I think the biggest misconception about NaNoWriMo is that you will write a fully publishable novel in 30 days. I think that’s why a lot of established authors look down their noses at NaNoWriMo as ‘beneath them’ or as silly and maybe even asinine.
Bully for them. Jerks that they are. NaNo has its issues; the biggest of which is tricking the writer into thinking that 30 days and nights of abandon (literary, you dirty birds!) makes for one publishable book.

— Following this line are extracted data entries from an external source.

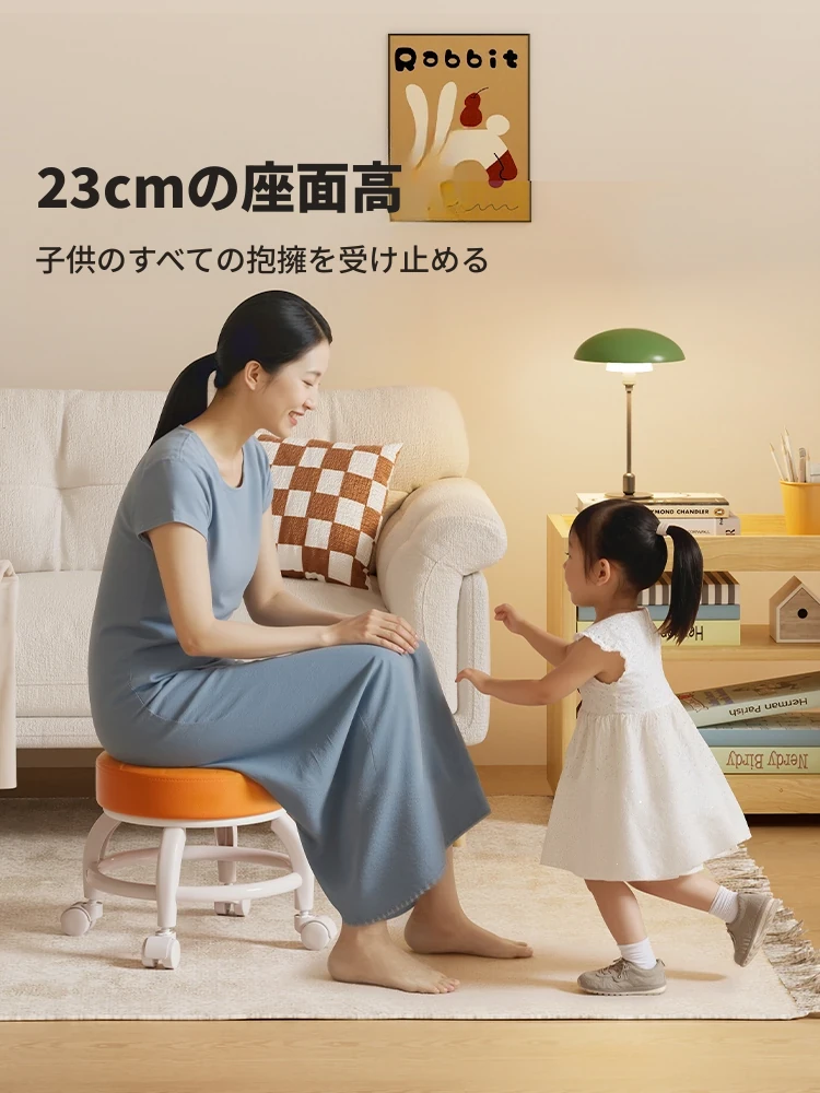 家庭用の頑丈なキャスター付き小型スツール - おしゃれな円形デザインで、移動もラクラク!人気のスライド式ロータイプスツールで、どんな部屋にもぴったり。快適な座り心地で、インテリアにも最適です!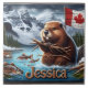 A Canadian beaver is busy holding branches near a mountain lake, with fish swimming and the Canadian flag waving in the breeze.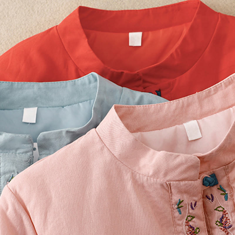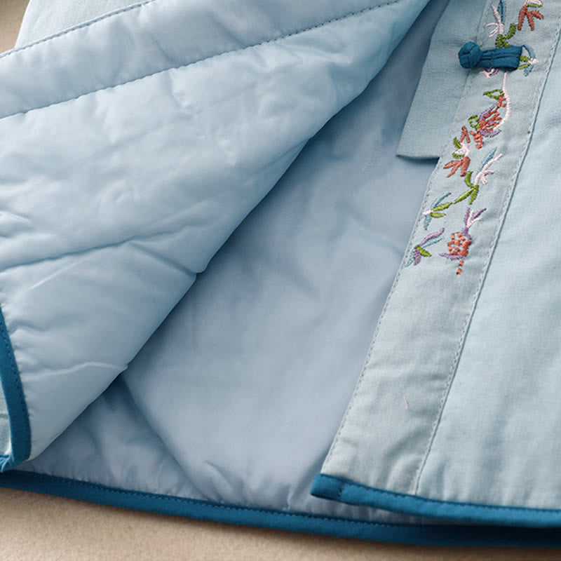 Buddha Stones Winter Flower Embroidery Frog-Button Long Sleeve Women's Thermal Jacket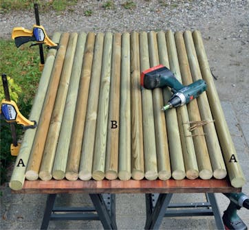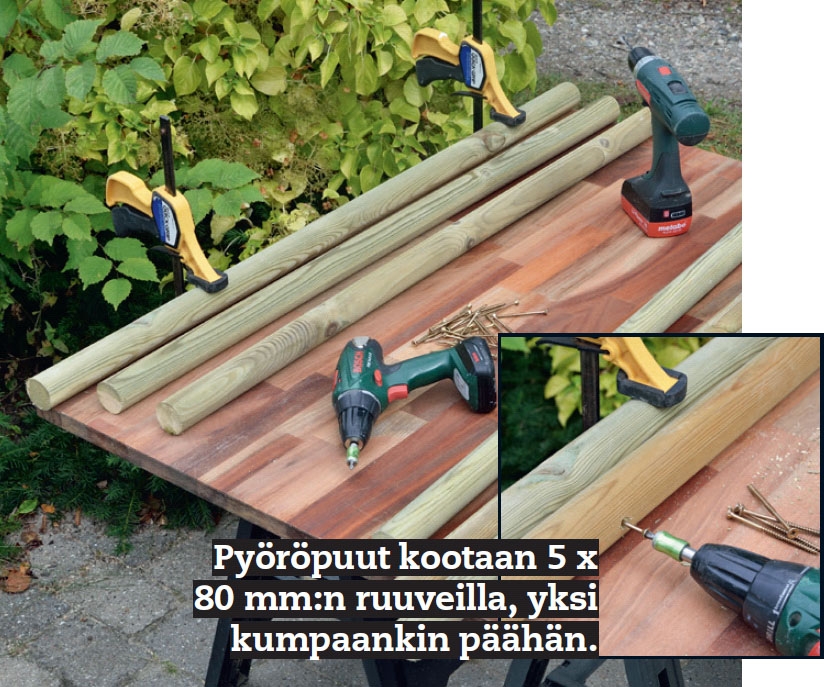 Lyhennä pyöröpuut sopivaan mittaan ja poraa reiät, yksi pyöröpuun kumpaan-kin päähän. Limitä reikiä noin 5 cm, jotta ruu-vit eivät osu toisiinsa. Reiät on helppo porata, jos sitoo pyöröpuut yhteen ilmastointiteipillä.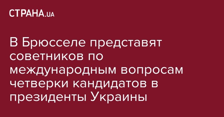 В понедельник, 25 февраля, в Брюсселе представят внешнеполитических советников кандидатов на пост президента Украины - Петра Порошенко, Анатолия Гриценко, Юлии Тимошенко и Владимира Зеленского. Они примут участие в дискуссии в рамках "Украинской лаборатории", организованной Офисом связи украинских аналитических центров в Брюсселе, сообщает "Европейская правда".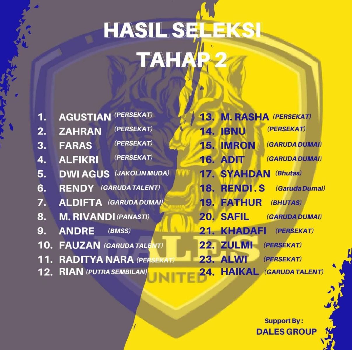 DUMAI (MR) - Seleksi tahap II Dales United yang akan berlaga di Kompetisi Soeratin Cup U-15 Zona Riau telah rampung dilaksanakan Jumat 11 Agustus 2023 sore tadi di Lapangan Sepakbola Purnama Dumai.

But NaNo has many benefits. The one I’m most thankful for is the automatic turn-off of the inner editor. Words, once you get going, just come and come and come and come with no rhyme or reason and the story is built. It’s beautiful pausing every now and again and checking on my word count, plugging the words into the NaNo counter, and seeing that little bar go up. It’s a rewarding feeling because, even though I know what I’ve written is complete and utter shite, I’m still getting words on paper.
And then there’s the paradox. What I’m writing is absolute shite. It is. It’s all whiny and angsty, and there’s next to no character development and, oh my God can we talk about the lack-of-action scenes? I literally have to hand Bella the ticket to getting herself out of a situation so I can move on with the story and make the next thing happen.
Which is liberating. Every writer out there, any person who writes that is worth their salt will tell you about not doing that. About making the characters work to get what they want about story arcs and plot holes and all that stuff meant to make you into a better writer.
And you know what? They are absolutely right. You should listen to them. In every way you should strive to make yourself better as a writer and learn your craft as well as you can because without it, you’ll be a shit writer.
Except with NaNo.
Because NaNo is a frakking draft.
It’s terrible, absolutely horrible writing. I should be strung up by my thumbs for every writing rule I’m breaking. All for the sake of 50k and ‘winning’ NaNoWriMo.
But I’m doing it. And I’m enjoying it. I both love and hate my characters. I hate Bella because she seems so weak right now. Shawn, her half-brother, because oh my dear Jesus H.G. Wells he’s annoying and angsty, Alice because I know the game she’s playing, and I’m not entirely sure which ending I’m going to go with. Do I do the happy ending with the ‘awww’ moment and maybe a little bit of tears. Or do I do the happy-ish ending (because, up your arse, Disney) and give myself a little wiggle room and really redeem Bella as a character?
I’m torn between my endings. Not for my distaste of my characters. They’ll grow with the drafts. The ending I need to be solid so I don’t completely go the other way when I edit.
And when I edit, I know I’m going to get rid of over 50% of the manuscript I’m not even done with yet. Because when I edit, I’m a writer with all of the rules in place. I’m a writer who knows a fair bit about her craft and will mold the story so I’m not handing my characters everything on a silver platter. And I’ll be good.
Right now, I’m bad. And I’m enjoying it. Because, deep down inside the crap that I have spewed over the last twelve days is a gem of a story. It’s in there somewhere, it’s inspired by Doctor Who, and there is a twist that I’m toying with so I can combine two stories I’ve wanted to tell into one book, and it’s all really exciting.
But it’s shite.
But that’s okay.
I mean, never mind that my writing partner and I had to hog tie our inner editors and shove them far, deep down into the basement, so we can’t hear them scream obscenities.
Never mind that. They’ll get over it.
The whole point of NaNo is to get words on paper (screen) and then hide them away for a few months.
When you go back to the words, when you edit, that’s when the real magic happens.